From: John Z. Bohach
Date: Sat Mar 25 2006 - 13:33:51 EST


On Friday 24 March 2006 16:32, Randy.Dunlap wrote:
> > Here it is:
> >
> > fails with cmdline:
> >
> > Kernel command line: ro root=/dev/sda1 rootdelay=10 mem=0x200M
> > console=ttyS0,115200n8
> >
> > works with:
> >
> > Kernel command line: ro root=/dev/sda1 rootdelay=10
> > console=ttyS0,115200n8
> >
> > Note the "mem=" being the differentiator!
>
> OK, that is memory map difference.
>
> Can you test a more recent kernel to see if it has the same problem?
> (like 2.6.16 or 2.6.16-git9)

No luck, or difference, for that matter. 2.6.16 behaves identically. I'm
trying a few different options, such as disabling MSI/MSI-X support,
because what I've seen is that it all works fine with it as long as the h/w
has MSI support, but in all the case I've seen fail, the common denominator
is no MSI (and also all ICH4 platforms). The cases where I can't make it fail
is where the h/w has MSI support. One other noteworthy difference is that the
failures all occur on Intel graphics chipsets, while the successes are non-graphics.
Still trying to find out whether the failure follows graphics or the ICH4.

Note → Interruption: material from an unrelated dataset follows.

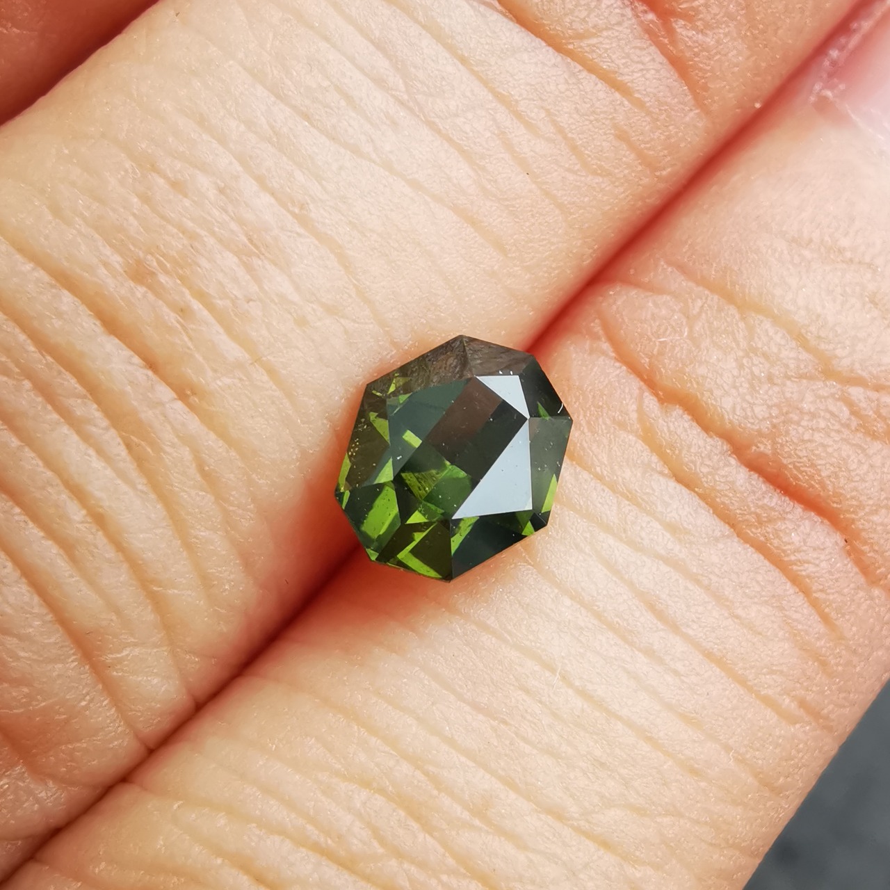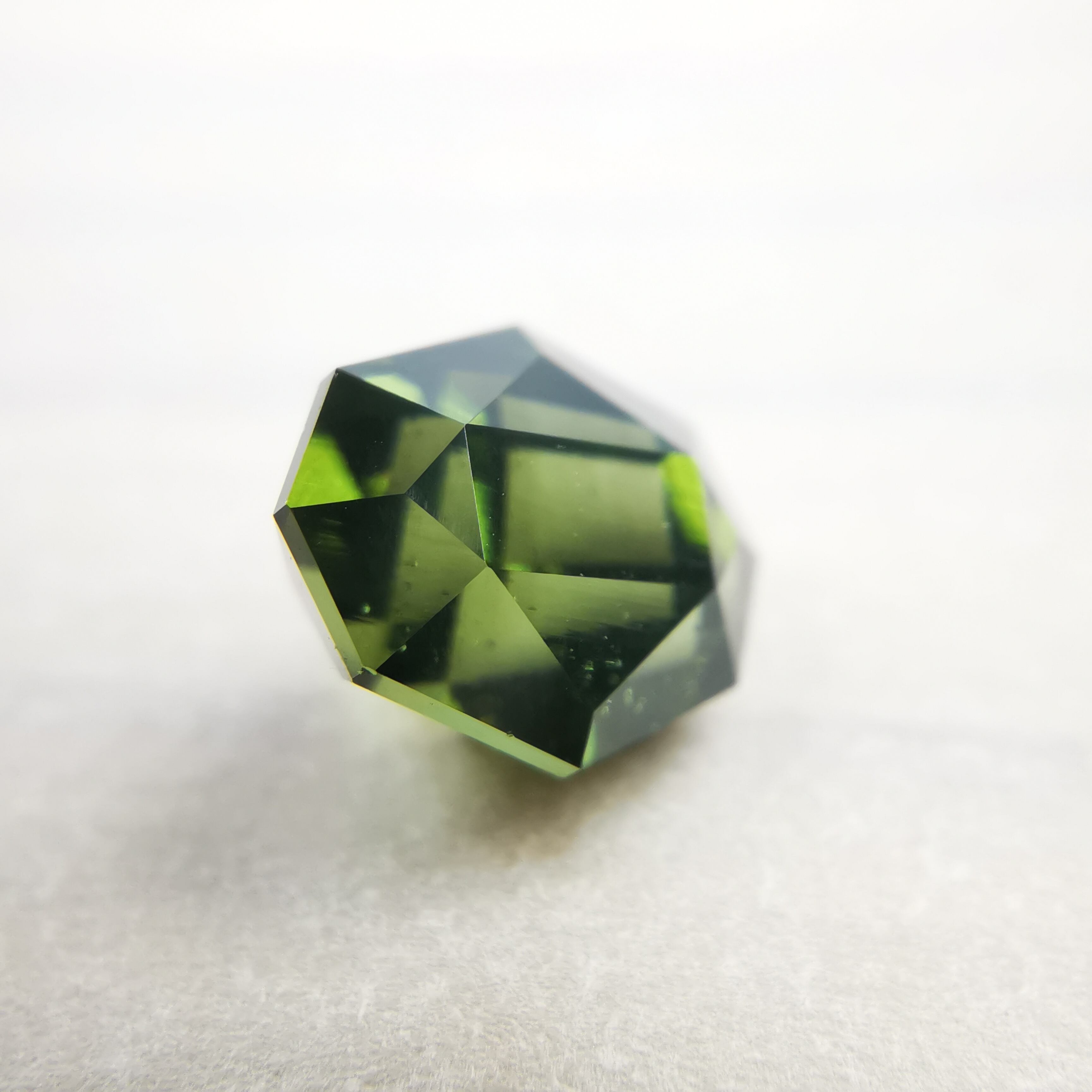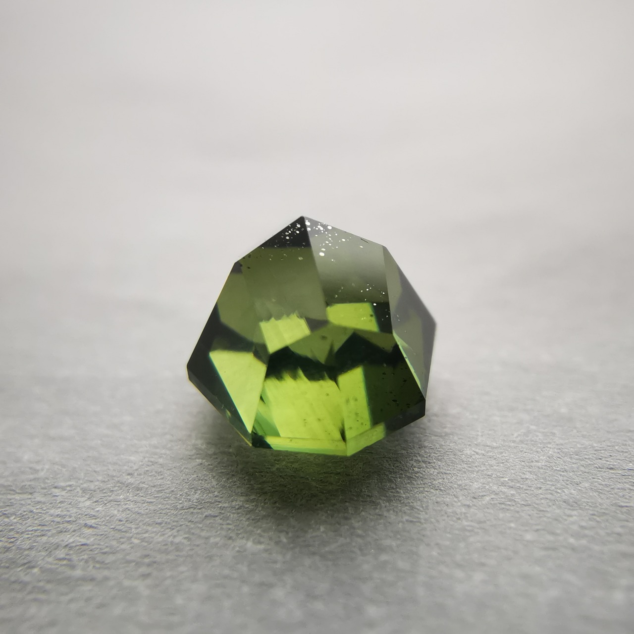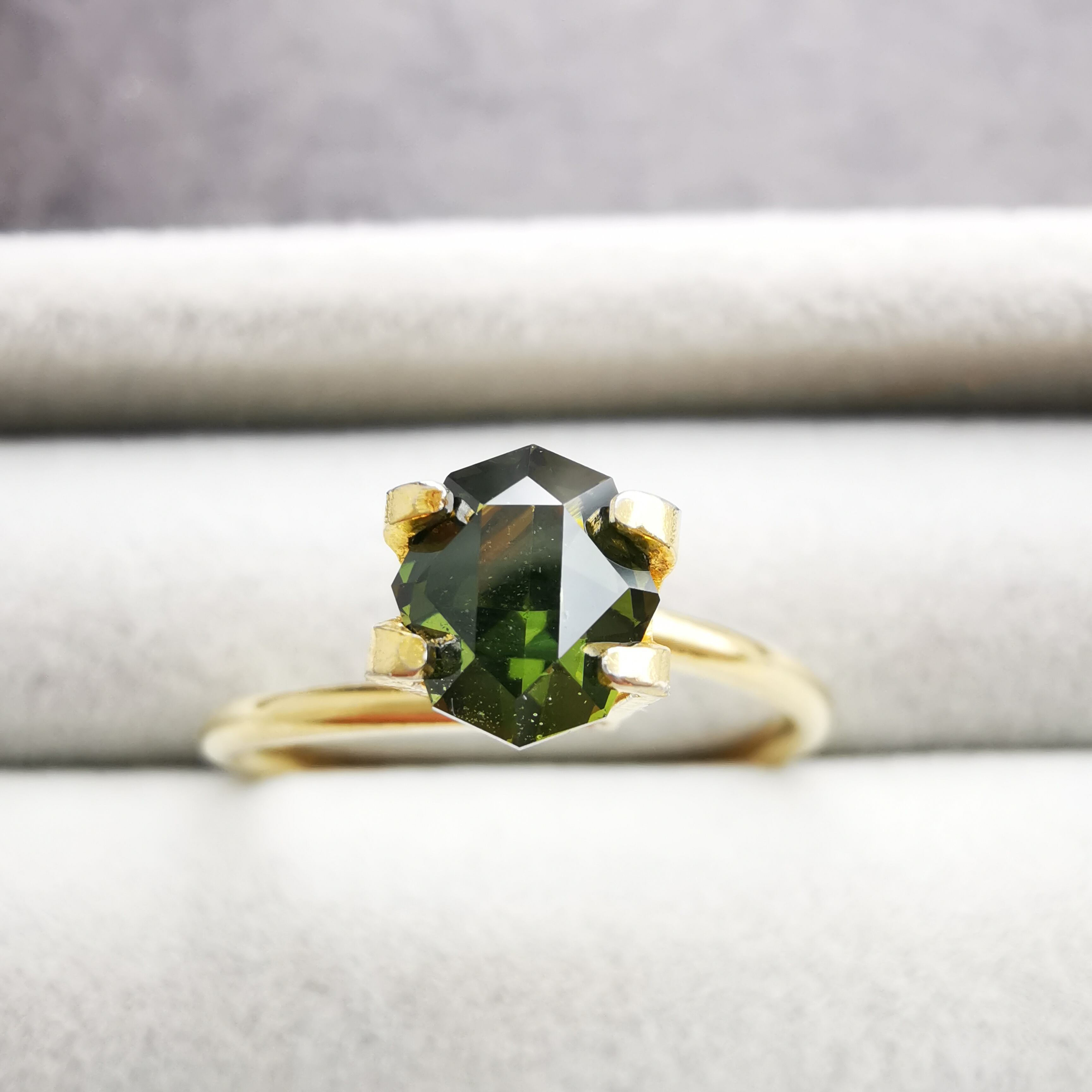 このジルコンには、キラキラした砂粒のようなインクルージョンと、もやもやとした陽炎のような色帯が一部に入り、楽しいアクセントを加えています。

Anyway, what would help me is if someone could tell me if the page fault is a normal and
expected code path by design, in order to page in the area setup by __vmalloc_area()
as triggered by the module_alloc() call. I'd really rather not have to trace through the
page fault handler to identify the difference between success/failure unless I have to.